Handles database connections and queries:

```python
class BaseDatabase(ABC):
    @abstractmethod
    def connect(self) -> None:
        """Establish connection"""
        pass
    
    @abstractmethod
    def execute(self, query: str) -> Tuple[List[Tuple], List[str]]:
        """Execute query and return results"""
        pass
    
    @abstractmethod
    def get_schema(self) -> str:
        """Get database schema"""
        pass
```

**Implementations:**

- `SQLiteDatabase` - SQLite databases
- `PostgreSQLDatabase` - PostgreSQL databases
- `MySQLDatabase` - MySQL databases
- Custom implementations welcome!

### 3. Formatter Interface (`BaseFormatter`)
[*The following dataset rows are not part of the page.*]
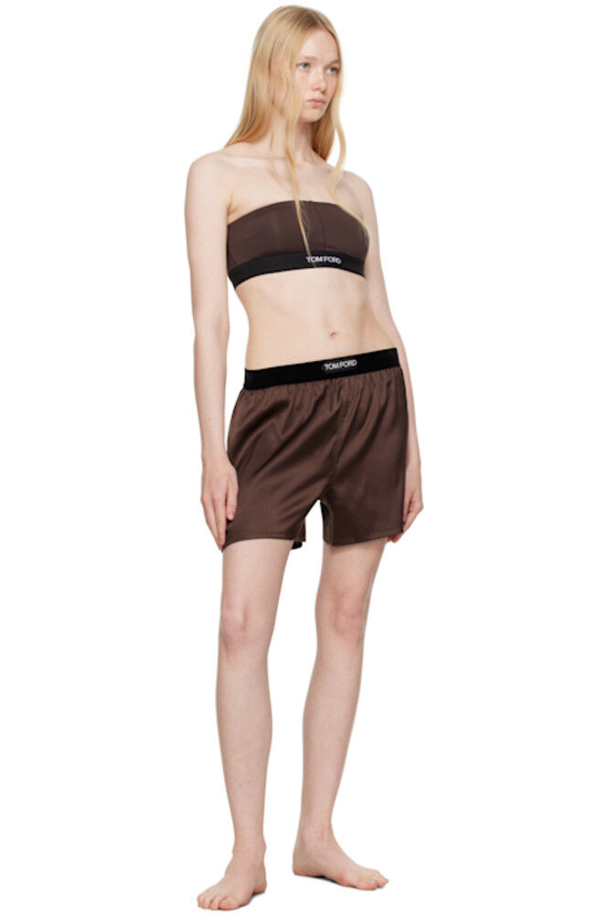 Коричневые атласные шорты-боксеры из эластичного шелка TOM FORD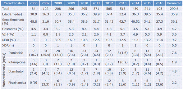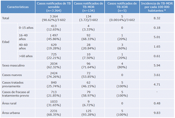 De los 3 602 pacientes estudiados, 3 264 (90.61%) presentaron TB sensible y 134 (3.72%),TB-MDR; el rango de edad más afectado fue el de 16 a 40 años, y el sexo masculino fue el más predominante en contraer TB. La incidencia de TB-MDR fue mayor en pacientes que habían recibido tratamiento previo (4.71 porcada 100 000 habitantes) que en quienes lo recibían por primera vez (3.61 porcada 100 000 habitantes). El tratamiento fracasó en el 100% de los pacientes con TB-XDR y en el 58.97% de quienes presentaron TB-MDR. El área urbana presentó mayor incidencia de TB-MDR en comparación con la zona rural: 9.83 y 0.48, respectivamente (Tabla 1). En la Tabla 2 se presentan las principales características de los casos de TB registrados según el año.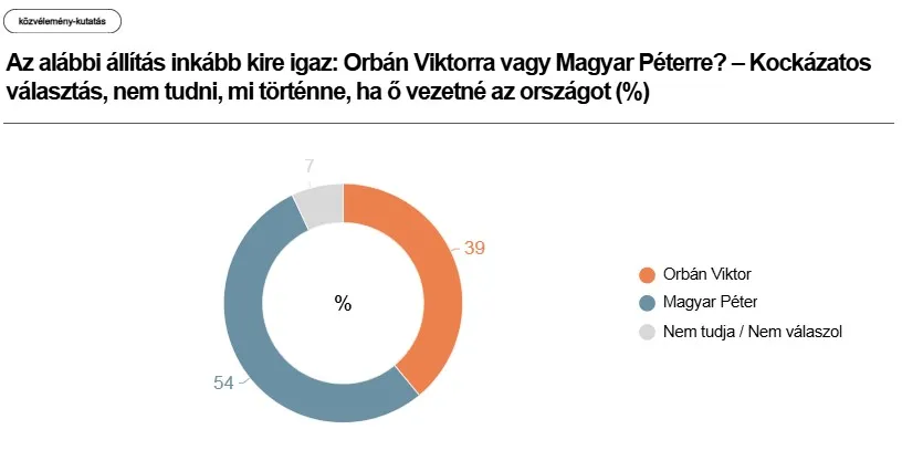 A Századvég arra is rákérdezett, hogy az az állítás, miszerint „kockázatos választás, nem tudni, mi történne, ha ő vezetné az országot” inkább kire igaz: Orbán Viktorra vagy Magyar Péterre?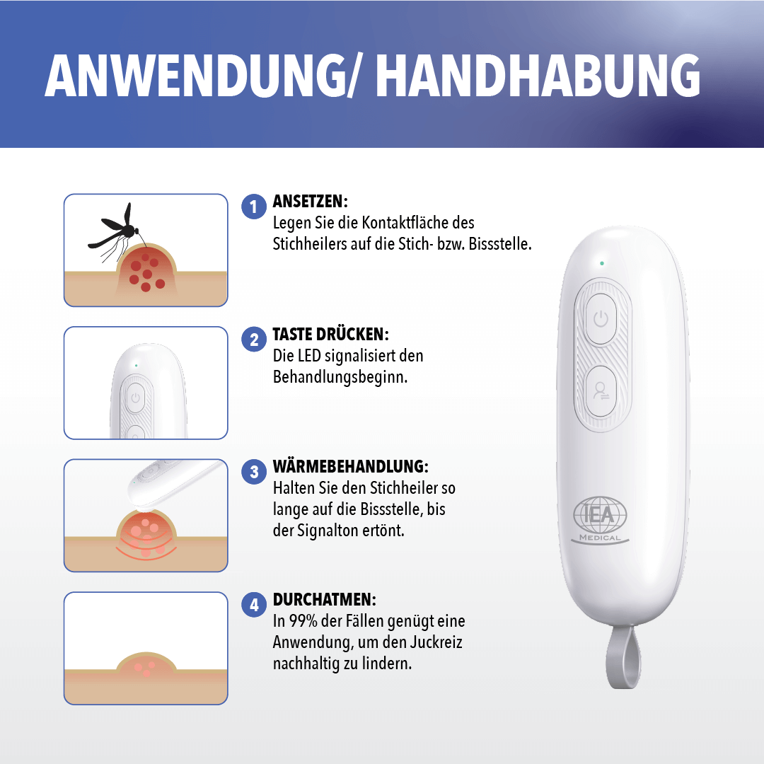 Die Anwendung ist denkbar einfach: Ein Knopfdruck genügt, und schon kannst du die Spitze direkt auf den Stich auflegen. Innerhalb weniger Sekunden beruhigt die Wärme den Juckreiz und reduziert die Schwellung, damit du dich schnell wieder wohlfühlst.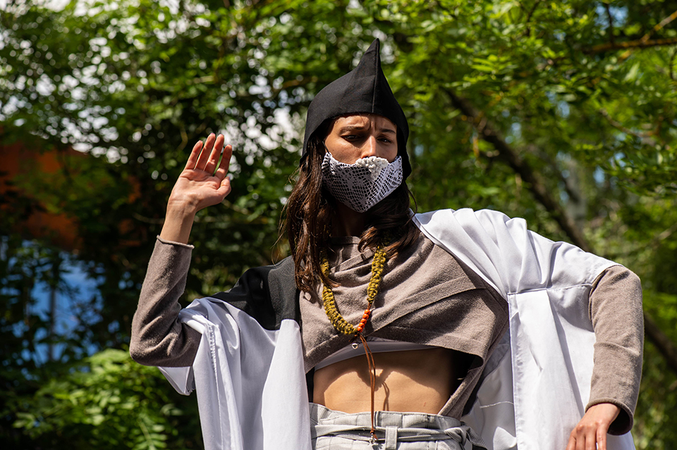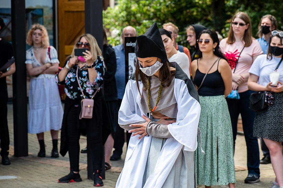 The performance draws on the online collaboration that began last summer during #TheOriginKingston and has been developed over later weeks through rehearsals in the exhibition space and around the island the Stanley Picker Gallery sits on in the Hogsmill River, responding to these two sites.
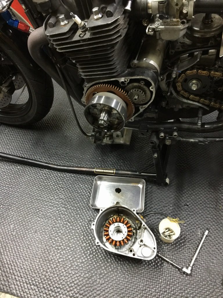 ステーターコイル系が僅かに違うのでコイルは外してカバーを当てます。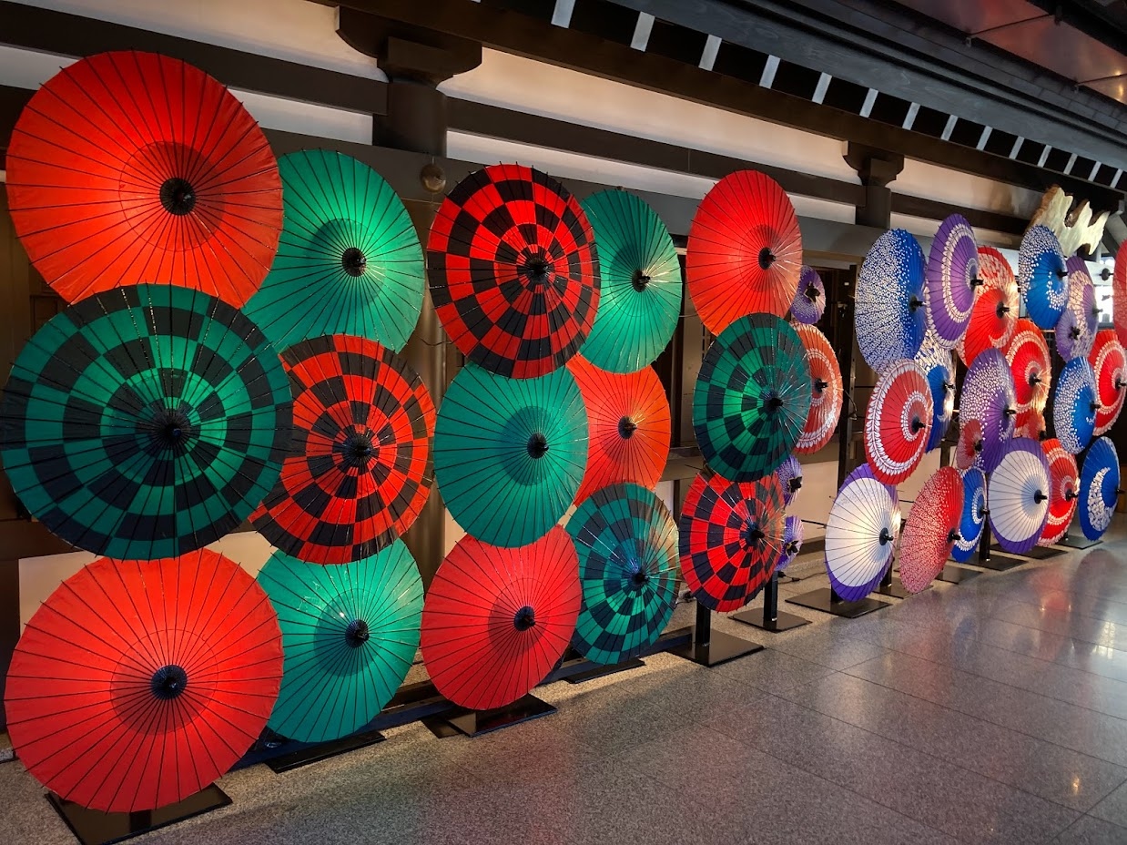 色とりどりの和傘アートも人気の写真スポットになっていました。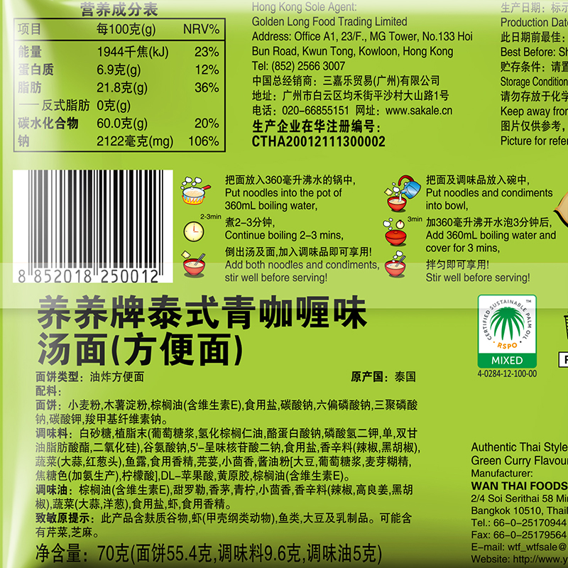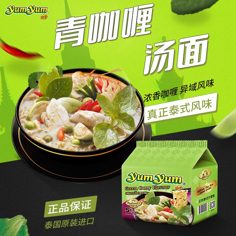 养养泰式 5袋方便面海鲜进口袋面速食宵夜 冬阴功青咖喱泡面70g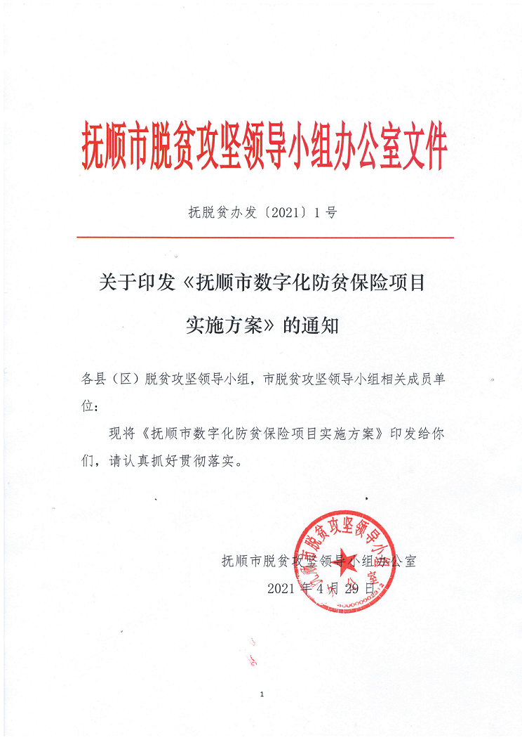 关于印发《抚顺市数字化防贫保险项目实施方案》的通知(抚脱贫办发 ﹝2021﹞1号)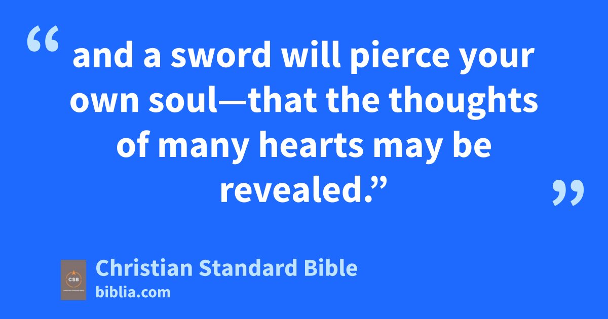 33 His father and motherE were amazed at what was being said about him. 34 Then Simeon blessed them and told his mother Mary, “Indeed, this child is destined to cause the fall and rise of many in Israelj and to be a sign that will be opposedF—35 and a sword will pierce your own soul—that the thoughtsG of many hearts may be revealed.”

Handles output format conversion:

```python
class BaseFormatter(ABC):
    @abstractmethod
    def format(self, data: List[Tuple], columns: List[str]) -> Any:
        """Format query results"""
        pass
```

**Implementations:**

- `PandasFormatter` - pandas DataFrames
- `PolarsFormatter` - Polars DataFrames
- `JSONFormatter` - JSON objects
- `ArrowFormatter` - Apache Arrow tables
- `CSVFormatter` - CSV strings
- Custom implementations welcome!

### 4. SQLAgent (Orchestrator)

The main agent that coordinates all components:

```python
class SQLAgent:
    def __init__(self, llm: BaseLLM, database: BaseDatabase):
        self.llm = llm
        self.database = database
    
    def query(self, query: str, type: str = "pandas") -> Any:
        """Execute natural language query"""
        pass
```

## Advanced Usage

### Custom Context

```python
context = """
The 'users' table tracks user signups and activity.
The 'sessions' table records user sessions with duration.
The 'transactions' table contains revenue data.
"""

df = sqlagent.query(
    "What's the average session duration for paying users?",
    context=context,
    type="pandas"
)
```

### Query Validation

```python
# Enable strict validation
sqlagent = SQLAgent(
    llm=OpenAILLM(api_key="YOUR_API_KEY"),
    database=SQLiteDatabase(path="/data/analytics.db"),
    validate_queries=True,  # Default: True
    max_retries=3  # Retry failed queries
)
```

### Caching

```python
# Enable query caching
sqlagent = SQLAgent(
    llm=OpenAILLM(api_key="YOUR_API_KEY"),
    database=SQLiteDatabase(path="/data/analytics.db"),
    cache_queries=True,  # Cache SQL generation
    cache_ttl=3600  # Cache for 1 hour
)
```

## License

See [LICENSE](LICENSE) file for license details.